CIUDAD DE MÉXICO, 7 de septiembre de 2019.- En México existe disparidad respecto al capital de origen de las empresas dedicadas a la exploración del subsuelo, pues sólo ocho por ciento de ellas son mexicanas, afirmó Aleida Hernández Cervantes, del Centro de Investigaciones Interdisciplinarias en Ciencias y Humanidades (CEIICH) de la UNAM.

Esa situación afecta de manera primordial a pueblos y territorios indígenas, por lo que es importante conceptualizar y sistematizar las estructuras jurídicas del despojo.

También, analizar actores económicos y sociales de la actual fase de acumulación por desposesión, como las empresas transnacionales, los organismos económicos internacionales, los estados nacionales las organizaciones sociales y los pueblos.

De las 476 compañías establecidas en el país para realizar dicha actividad, 437 son de capital extranjero: 336 de inversión canadiense y 44 de estadounidense, según datos del Anuario de Actividades Extractivas de 2018, de la asociación civil FUNDAR, Centro de Análisis e Investigación.

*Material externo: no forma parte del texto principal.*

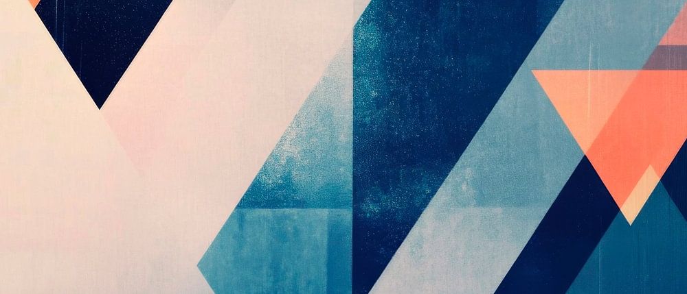 Des formes géométriques dansent dans des tons bleus harmonieux, tandis que des accents chauds brillent en orange. Cet arrangement artistique de lignes claires et de triangles vivants crée une atmosphère moderne et dynamique. Idéal pour un bureau créatif, il inspire de nouvelles idées et donne à chaque pièce une touche contemporaine.

Además, los proyectos mineros en nuestro territorio pasaron de 667 en 2010, a mil 531, en 2018, es decir, más del doble en ocho años, señaló la universitaria.

En la presentación del seminario internacional Derecho, despojo y luchas sociales, indicó que existen 312 proyectos en operación vinculados a rubros como transporte, electricidad e hidrocarburos.

Por ejemplo, hay 21 parques eólicos en el Istmo de Tehuantepec, operados por empresas como Iberdrola, Peñoles, Eólica de Francia y Gamesa.

El seminario se realiza con el propósito de conceptualizar y sistematizar “las estructuras jurídicas del despojo que vivimos, para ubicar sus características, fuentes jurídicas y los efectos de su aplicación”, remarcó su coordinadora.